- Developer(s): Capcom Digital Studios
- Publisher(s): Capcom
- Platform(s): PlayStation, Sega Saturn
- Release: Unreleased
- Genre(s): Run and gun
- Mode(s): Single-player, multiplayer

= Major Damage =

Major Damage is an unreleased run and gun video game that was in development by Capcom Digital Studios and planned to be published by Capcom on a scheduled Q1 1997 release date for the PlayStation and Sega Saturn. Taking control of the titular protagonist of the game, players traverse through multiple stages by fighting against enemies. The title was first showcased to the public in 1996 and was one of the several projects under development by the US development division of Capcom, however it would eventually be left abandoned due to various factors. Despite never being officially released to the public by Capcom after its cancellation, two playable ISO image builds of the game have since been leaked online.

==Gameplay==

Gameplay screenshot from the unreleased Sega Saturn version.

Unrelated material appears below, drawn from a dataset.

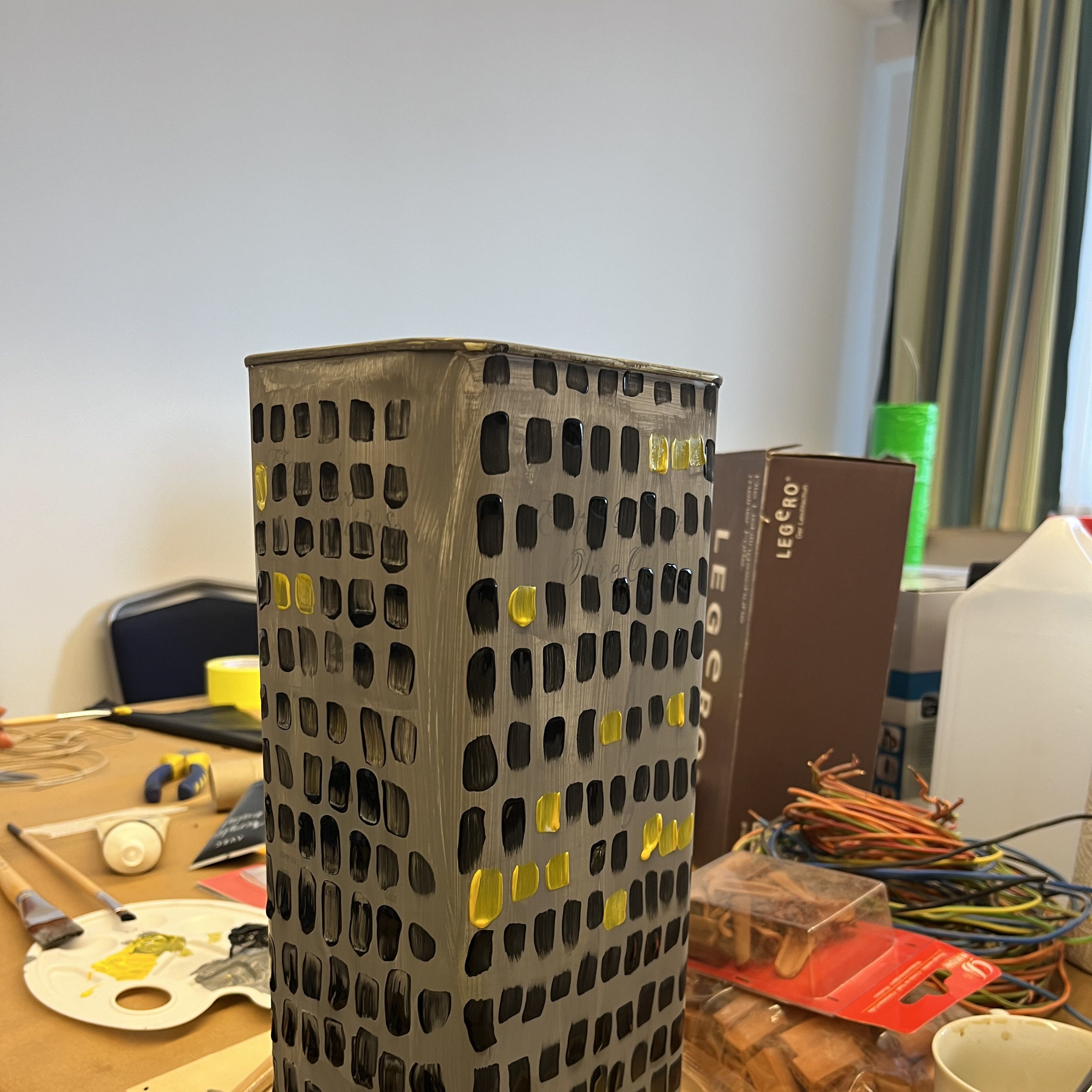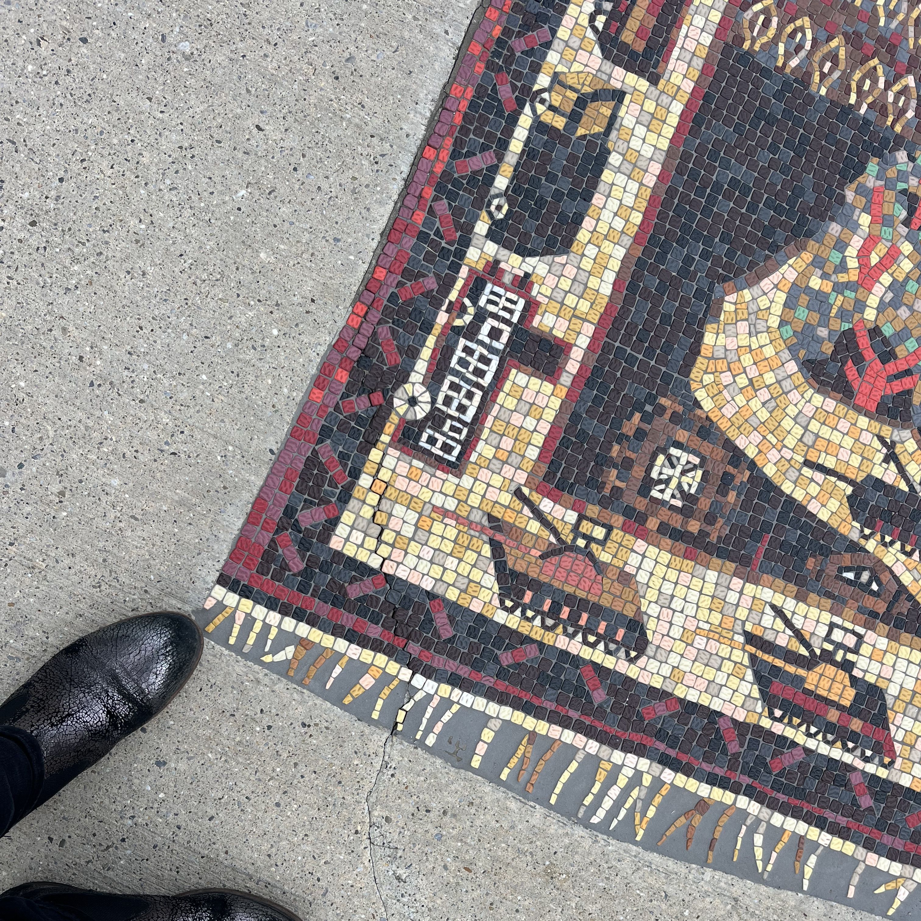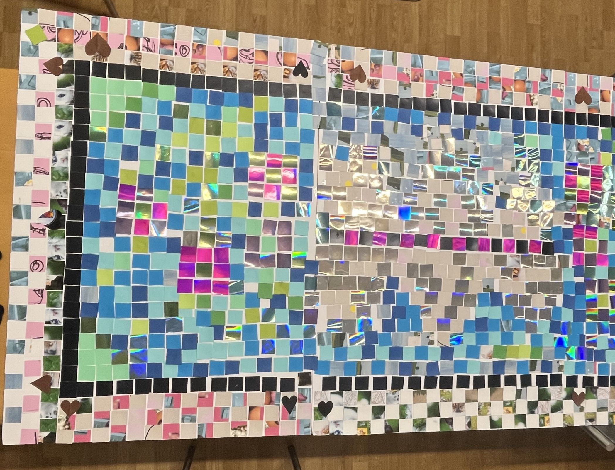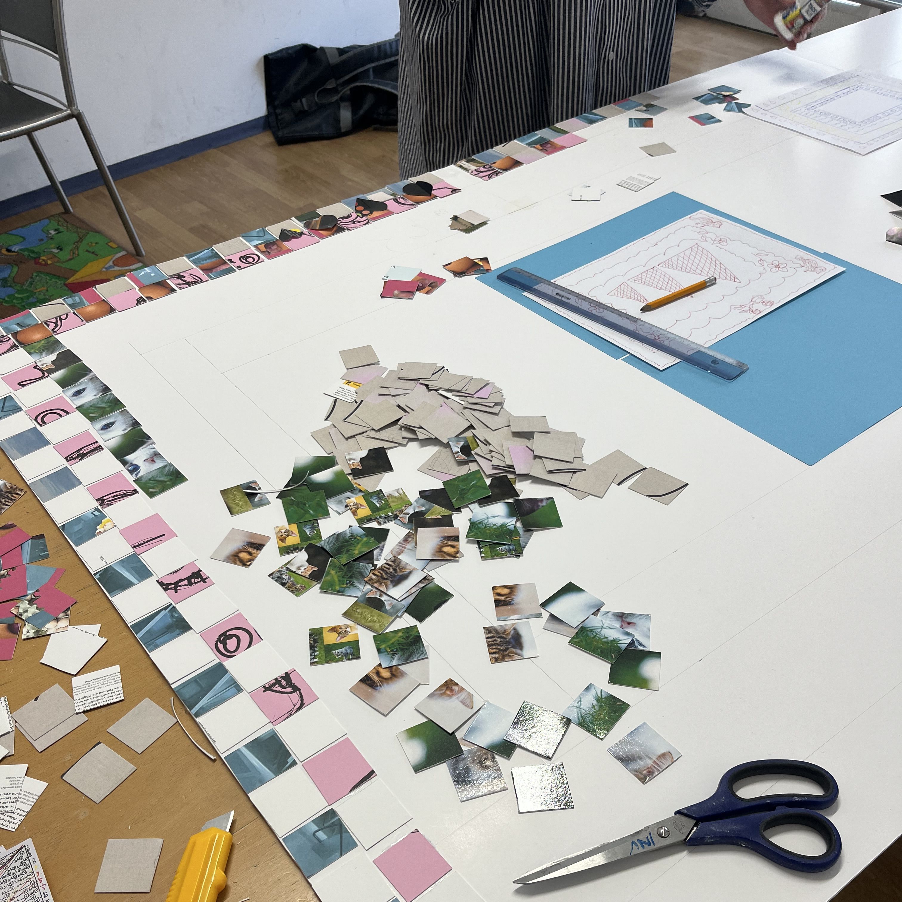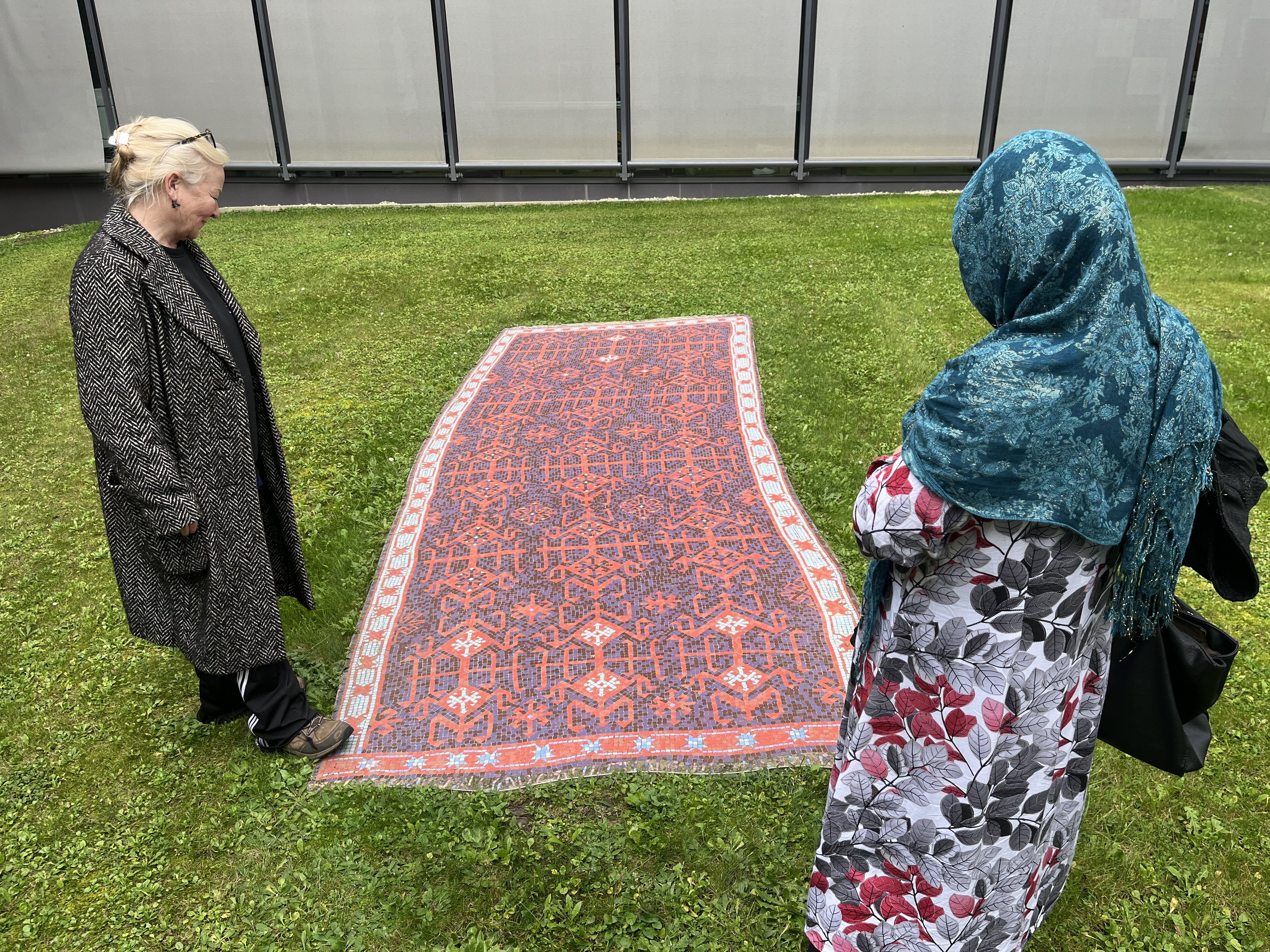 Mit Iris Andraschek besuchten die Teilnehmerinnen des Nähkurses vom Verein Impulse die Mosaikteppiche am Campus Krems und gestalteten anschließend ihren eigenen Wandteppich aus Kartonstückchen.

Major Damage is a side-scrolling run and gun game presented from a 2.5D perspective, where environments are rendered in 3D but the gameplay takes place on a 2D plane. The players move the selected character along this path; they can traverse the stages by running left and right, jump across platforms, and shoot in 16 directions against enemies. Though the single-player missions can be played normally and the settings in the options menu operate without issues, players are only able to play a determined number of levels due to its unfinished state. The players begin with a set number of lives and their player character can sustain a number of hits before dying and once all lives are lost, the game is over. As a result of its incomplete nature, the gameplay is prone to glitches and game-crashing bugs.

==History==

Along with Werewolf: The Apocolypse, Major Damage was one of the several projects under development by Capcom Digital Studios for PlayStation and Sega Saturn.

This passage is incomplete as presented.